2001 novel by Dean Koontz

One Door Away From Heaven is a horror novel by the best-selling author Dean Koontz, released in 2001.

==Plot summary==
A shape-changing alien has come to Earth with others of his kind to save us from ourselves. After witnessing the slaughter of his entire family by evil aliens bent on stopping him, he takes off on a cross-country race to save himself. He stops at a farmhouse in the middle of the night to "borrow" some money and clothes, and comes across a sleeping boy about his age. Using a drop of blood from an old bandage, he is able to "become" Curtis Hammond, the exact duplicate of the boy. Seconds after leaving the house, the evil aliens arrive and murder the family, leaving only the dog alive. Curtis and the dog escape, and eventually end up at the location of an alien sighting. UFO buffs Castoria and Polluxia Spelkenfelter, twins, recognize Curtis from the news reports of his murder and decide to help him. Eventually he reveals to them his true nature, and they pledge to assist him in the mission he has come to Earth to complete. Together, twins, boy, and dog set off for Nun's Lake, Idaho, the next stop on the twins' itinerary while they decide what to do next.

Michelina (Mickey) Bellsong just got out of prison. She has moved in with her Aunt Geneva in order to make a new start, but things aren't going her way. She feels adrift and without direction, just wanting to get through the day. While sunning in the backyard, she is approached by a precocious but disabled little girl. Leilani Klonk has a deformed hand and a deformed leg, which requires a brace. She is more intelligent and articulate than the average nine-year-old, and disarms Mickey with her wit. Mickey and Geneva get to know the girl, and find out that her mother is an insane drug addict, and her step-father is a murderer. He killed her older brother Lukipela, and Leilani is next. Leilani believes that no one can help her, as Preston Maddoc is highly thought of by the academic community. Preston and Sinsemilla, Leilani's mother, bounce across the country looking for UFOs and Leilani knows it's only a matter of time before they bounce back to Montana, which is where Preston murdered her brother Lukipela. Mickey and Geneva vow to find a way to help Leilani, but Preston finds out and takes off with the family in the dead of night. Mickey discovers them gone and sets out after them, determined to save Leilani. Leilani has mentioned that they are headed to Nun's Lake, Idaho to the site of a supposed close encounter and Mickey races to reach the town and find the girl. Mickey arrives and goes to speak to the man who was "healed" by aliens, and finds out that Leilani's step-father hasn't been there yet. She stakes out the house, wanting to find Preston and follow him to Leilani. Preston is alerted to her presence by the man who was healed, who he then murders. He sneaks out of the house and creeps up on Mickey, knocking her unconscious. He carries her into the dead man's house and ties her up, leaving her there and racing back to the campground.

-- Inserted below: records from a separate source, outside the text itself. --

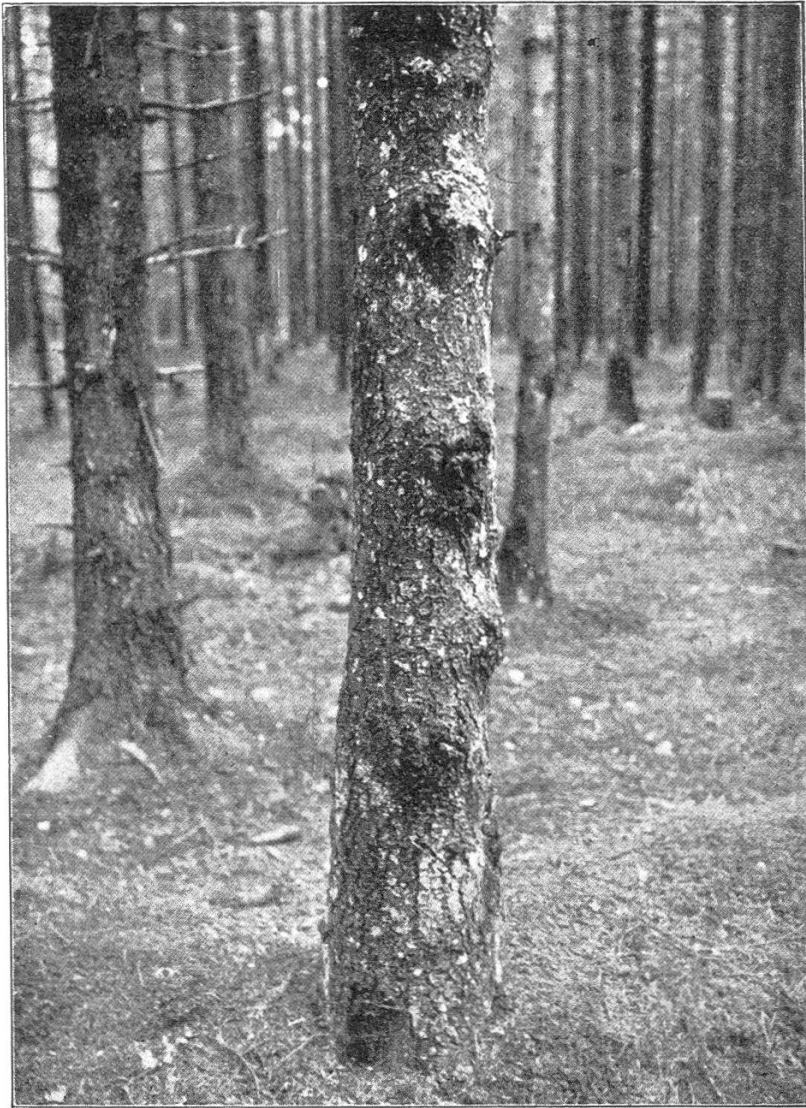
Fichte mit Korkwulsten an den Ansatzstellen der Äste.

In Fig. 1 ist eine (zirka 80 Jahre) alte Fichte dargestellt, die im unteren Stammteile an Stelle der abgebrochenen dürren Äste Wülste zeigt, welche ihre Entstehung der Einwirkung der Dasyscypha calyciformis verdanken. Die Sporen scheinen durch die absterbenden dürren Äste, die belassen wurden, Eingang in die Rinde gefunden zu haben. Ob Fäulnis
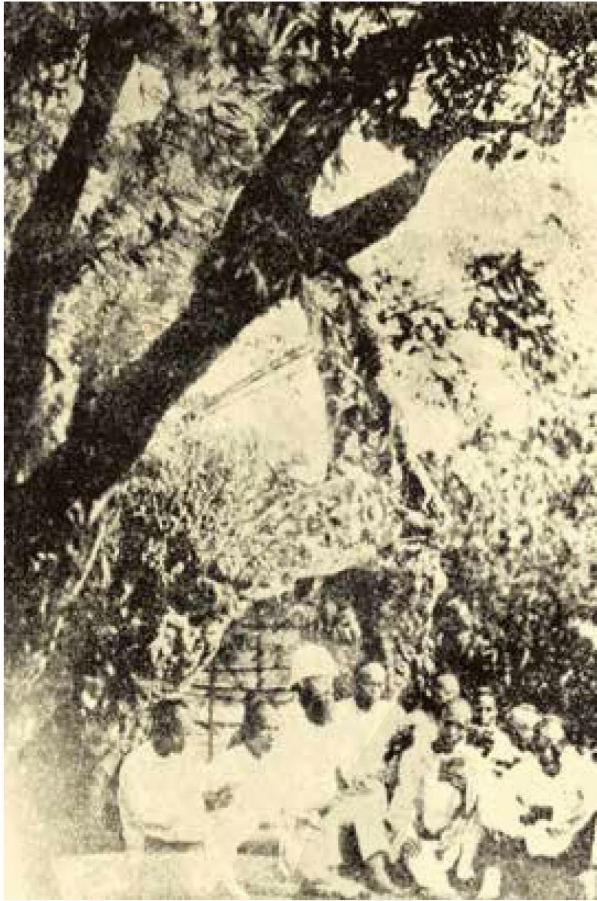
[左圖] 馬偕在榕樹下上課。
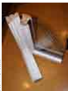
Doc. WWL Houses

VICAT - 4 rue Aristide Bergès 38080 L'Isle d'Abeau - 04 74 18 40 06 - f.soudan@vicat.fr
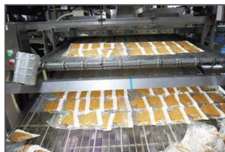
実際の設置後イメージ
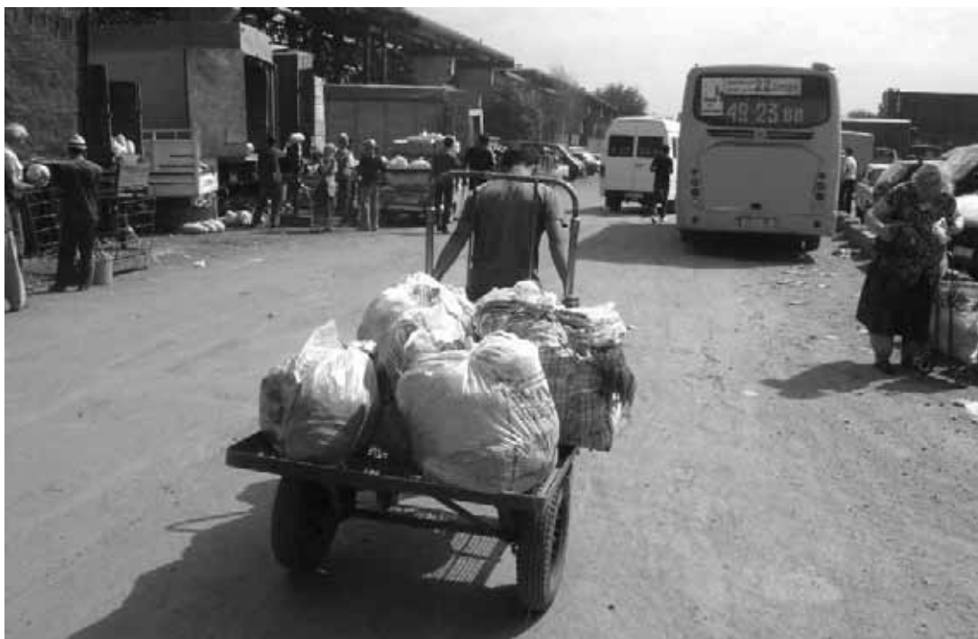
Ауыр өмір балаларды жұмыс үшін мектепті тастауға мәжбүрлеуде

«Жол, жол!» - деп айғайлап, арық келген жасөспірім көкөніс тией салынған арбасымен, Орталық Азияда орналасқан Қырғызстан астанасы Бішкектің фермерлық базарында өзіне жол салып келеді.
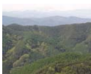
手良沢山ステーション

多種多様な樹種からなる里山であり森林環境などの多目的教育研修の利用が可能であり近くには数多くの宿泊施設があります。
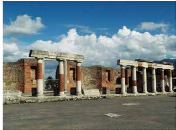
Figura 5. Columnata del Foro Civil.
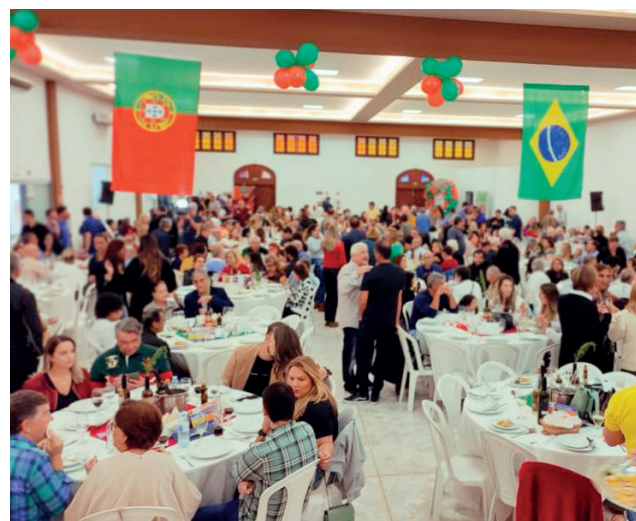
Foto: Imagem do salão de eventos do Centro Cultural Português lotado na 3ª edição do Bacalhau do Leal.
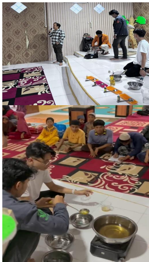
Gambar 2. Tim dosen sedang mendemonstrasikan pembuatan krayon

seperti warna dan bentuk, siswa dapat mengetahui cara yang benar dan siswa lebih yakin untuk mencoba sendiri.
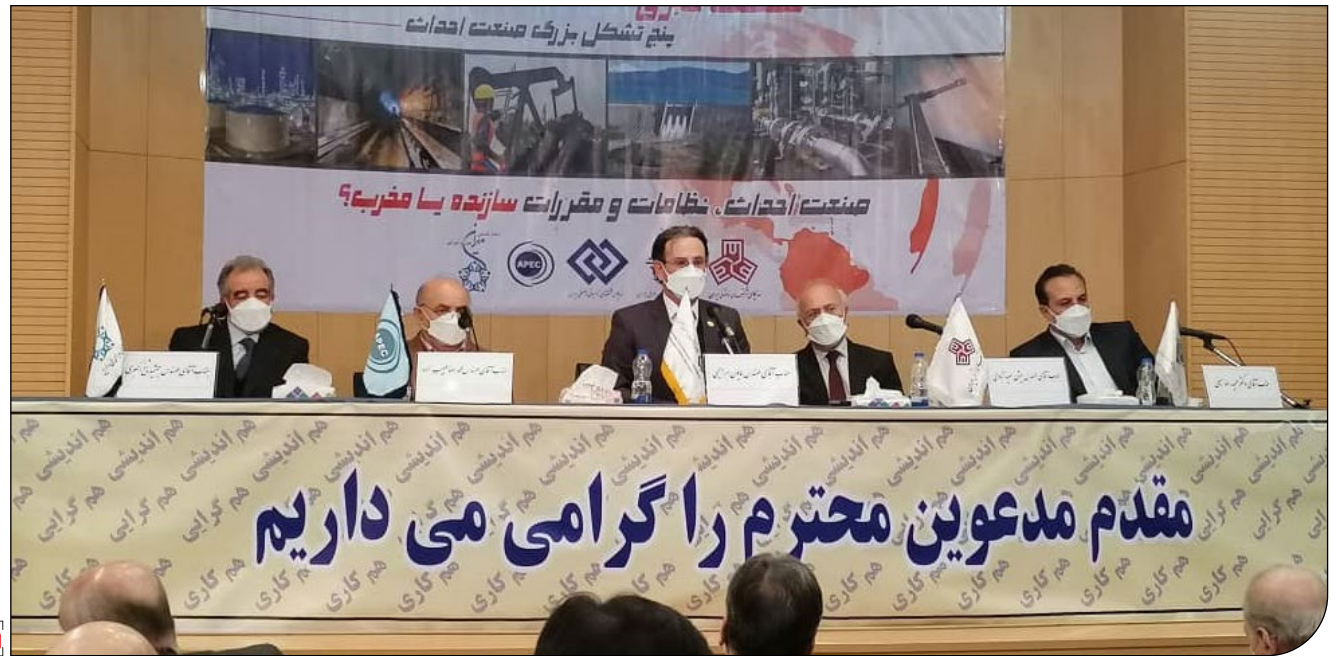
نایب رئیس هیئت مدیره کانون سراسری شرکت‌های پیمانکاری در جریان نشست خبری

نایب رئیس هیئت مدیره کانون سراسری شرکت‌های پیمانکاری: ما در حالی که در عراق و سوریه با داعش جنگیدیم و خون دادیم اما نتوانستیم هیچ امتیازی در بخش پروژه‌های این شرکت‌ها بگیریم
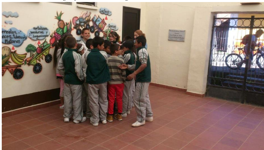
Fotografía 12 Taller grado 5° escuela Arenales

Para la realización del taller se utilizó el juego como estrategia de trabajo y vinculación al tema, puesto que la energía de los niños es tal, que se convierte en un reto mantener su atención; respecto al tema que convocaba, se logró que los niños tomaran la palabra y hablaran de las expectativas frente a su paso al colegio, ya que veían en esto la oportunidad de tener más profesores en su acompañamiento escolar, un espacio más grande, nuevos amigos, un paso más para cumplir otros sueños, y también hablaron de sus temores abiertamente. Frente a esto, se hizo el cierre del taller hablando de lo positivo y presentando algunos asuntos protectores que estarán en esa nueva etapa de la vida.
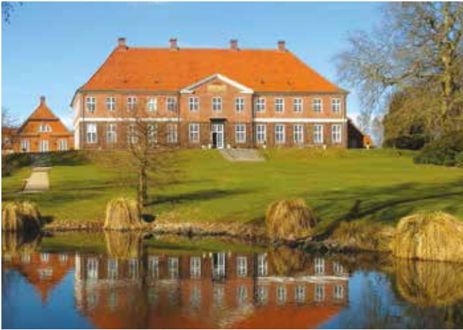
Hindsgavl-halvøen gemmer på mange spændende historier.
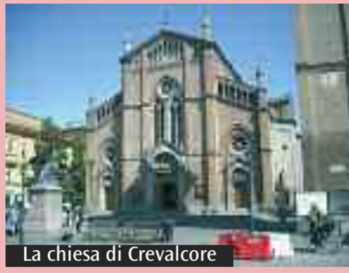
La chiesa di Crevalcore
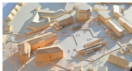
So könnte der Rathausplatz mit den sog. Ergänzungsbauten auf der ehemaligen Festwiese aussehen (Foto und Modell: Architekten Franke + Messmer u. Landschaftsarchitekt Taurorat)

Für die grundlegende Bestandsaufnahme zum Stadtentwicklungskonzept 2.0 sind Sie mit Ihrer Ortskenntnis gefragt! Seit Mitte März läuft eine Bürgerumfrage, an der Sie sich noch bis 19. April beteiligen können. Alle Infos dazu finden Sie im Kasten rechts. Angaben zur Wohnsituation sind hier ebenso von Interesse wie zum Mobilitäts- und Freizeitverhalten, um die weiteren Prioritäten des Stadtentwicklungskonzeptes festlegen zu können.
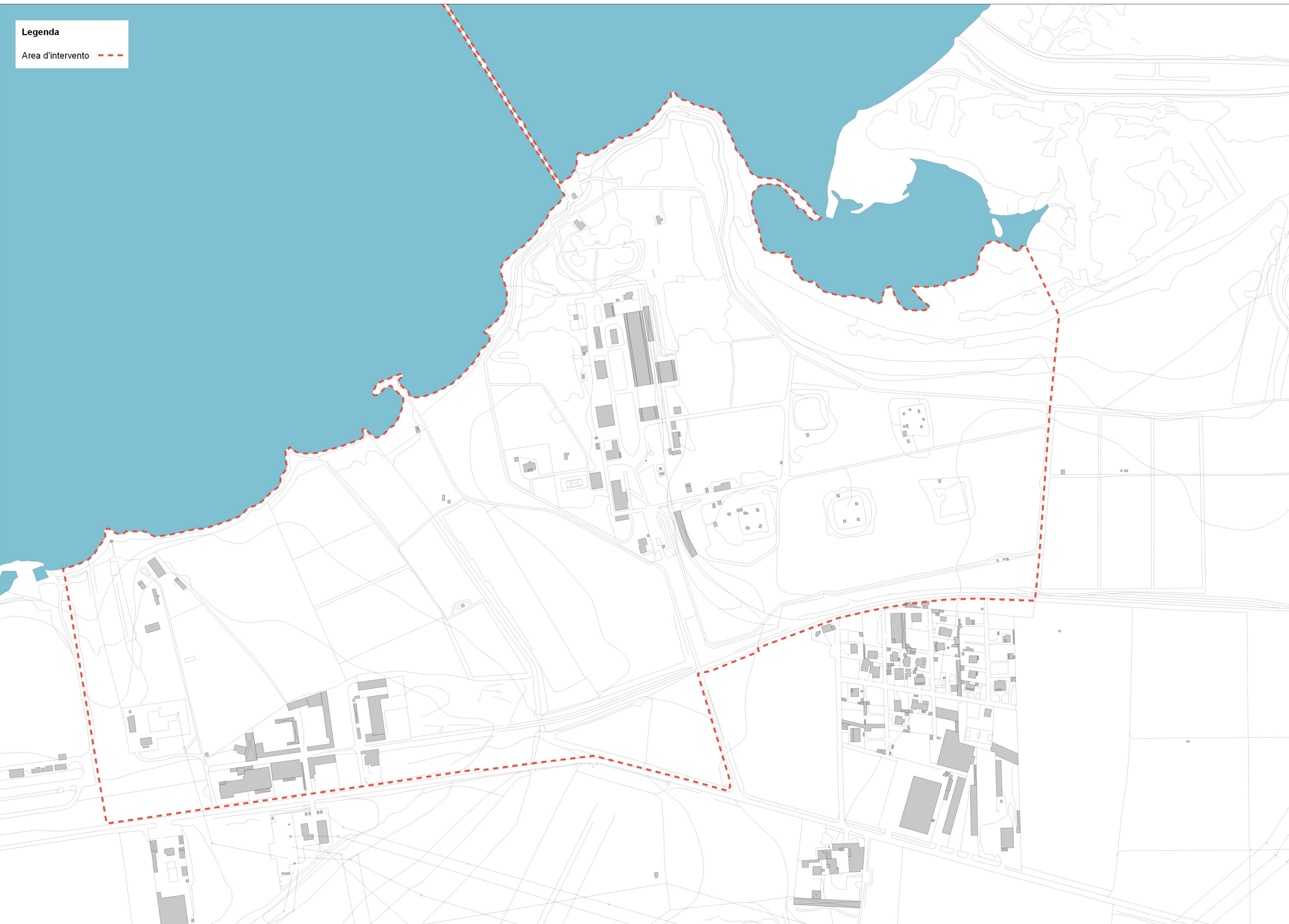
Inquadramento territoriale su cartografia aerofotogrammetrica
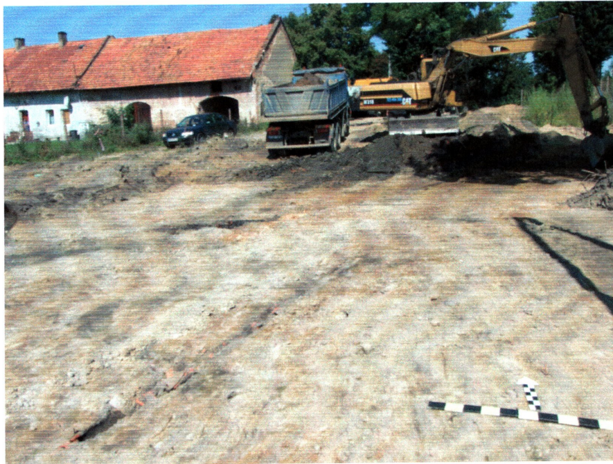
fot. 3 Nadzór nad pracami w północnej części inwestycji
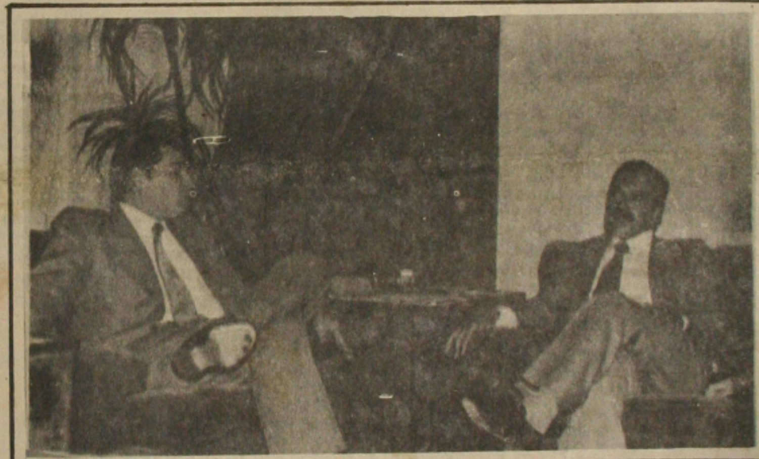
O Governador Antônio Carlos Valadares, sendo recebido pelo Ministro do Interior, Joaquim Francisco Cavalcanti.

A previsão inicial, segundo o Governador, é a liberação por parte do Ministério do Interior, conforme ele ressaltou, serão suficientes para o atendimento aos desabrigados; mas o governo do estado terá que continuar mantendo negociações junto ao governo federal, no sentido de obter novos recursos, principalmente para a recuperação da infraestrutura viária de Aracaju e São Cristóvão, bastante danificada pelas chuvas.
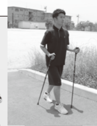
協力:中部大学スポーツ保健医療学科 尾方教授
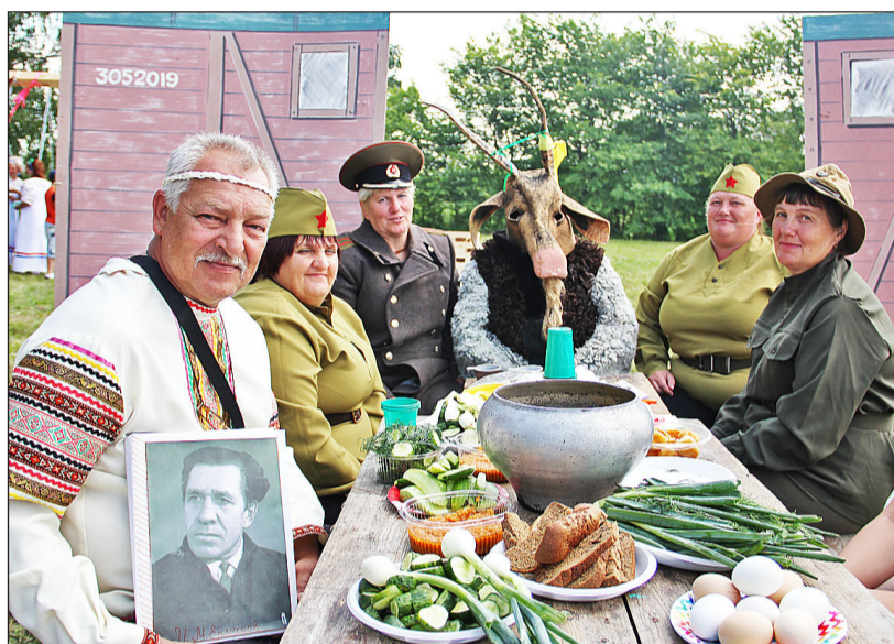
Инсценировку по сказу Ивана Ермакова «Порченые солдаты» подготовили огнёвцы
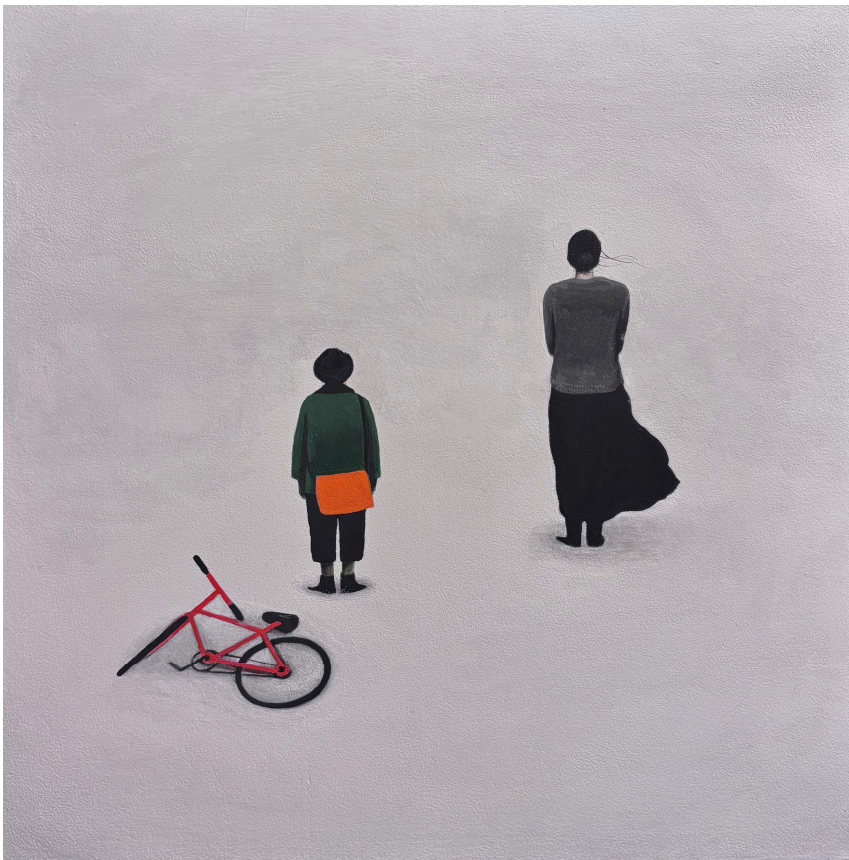
É IN MOTION No.2 2026 273x273 mm (S3) Acrylic on Panel

文化庁メディア芸術祭大賞受賞作品「浮楼」、DOMANI展（2015）にて大絶賛を浴びた「É IN MOTION No.2」、
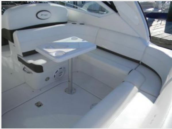
Aft Cockpit Seating
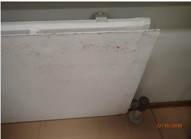
Lämmityspatterit ovat välttävässä kunnossa.
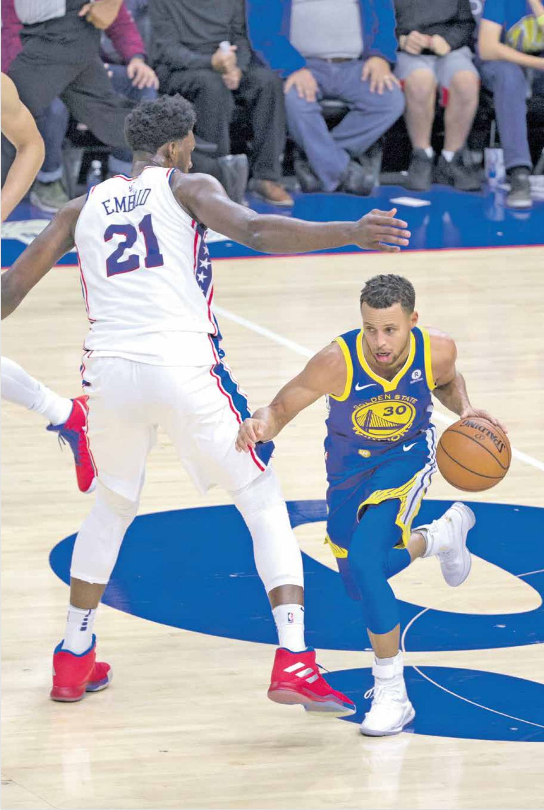
هل يحصد كورن الجائزة في عام 2021؟

اختير ستيفن كورن كأفضل لاعب في الدوري المنتظم لكرة السلة الأميركية للمحترفين ضمن لائحة ضمت الصربي نيكولا يوكيتش والكامبروني جويك إمبيد في أول ترشيح لهما على جائزة «أفضل لاعب» لموسم 2020-2021، وذلك بحسب ما أعلنت رابطة الدوري.

Curtis encounters Leilani at the campground in Nun's Lake and knows she's in trouble. He and the twins approach her while Preston's out and convince her to come with them. As they are running for the twins' RV, Leilani is snatched by her step-father and taken to the house he has hidden Mickey in. His plan is to make Leilani watch him kill Mickey, then torture and kill Leilani. When he gets back to the house, he discovers that Mickey has gotten free of her restraints. He dumps Leilani, takes her brace, and starts searching for Mickey in the maze of old magazines and newspapers. Leilani heads into the maze looking for a way out, and she and Mickey find each other. Preston traps them in a corner and lights the newspapers in front of them on fire, planning to listen as they burn to death. Curtis and the twins, now aided by a disillusioned ex-PI sent by Aunt Gen, arrive at the house. Noah Farrell, the PI, shoots Preston Maddoc as he races through the maze searching for Mickey and Leilani. Preston stumbles away, getting weaker and weaker from blood loss and smoke inhalation. Noah and Cass find Mickey and Leilani and the four of them search for an exit. Curtis, in his natural form, comes to their rescue, and they all escape the house. Preston Maddoc is buried under a pile of burning trash and dies.

Leilani, Mickey, Aunt Gen, and Noah join Cass and Polly in their quest to help Curtis fulfill the mission he's been sent here for.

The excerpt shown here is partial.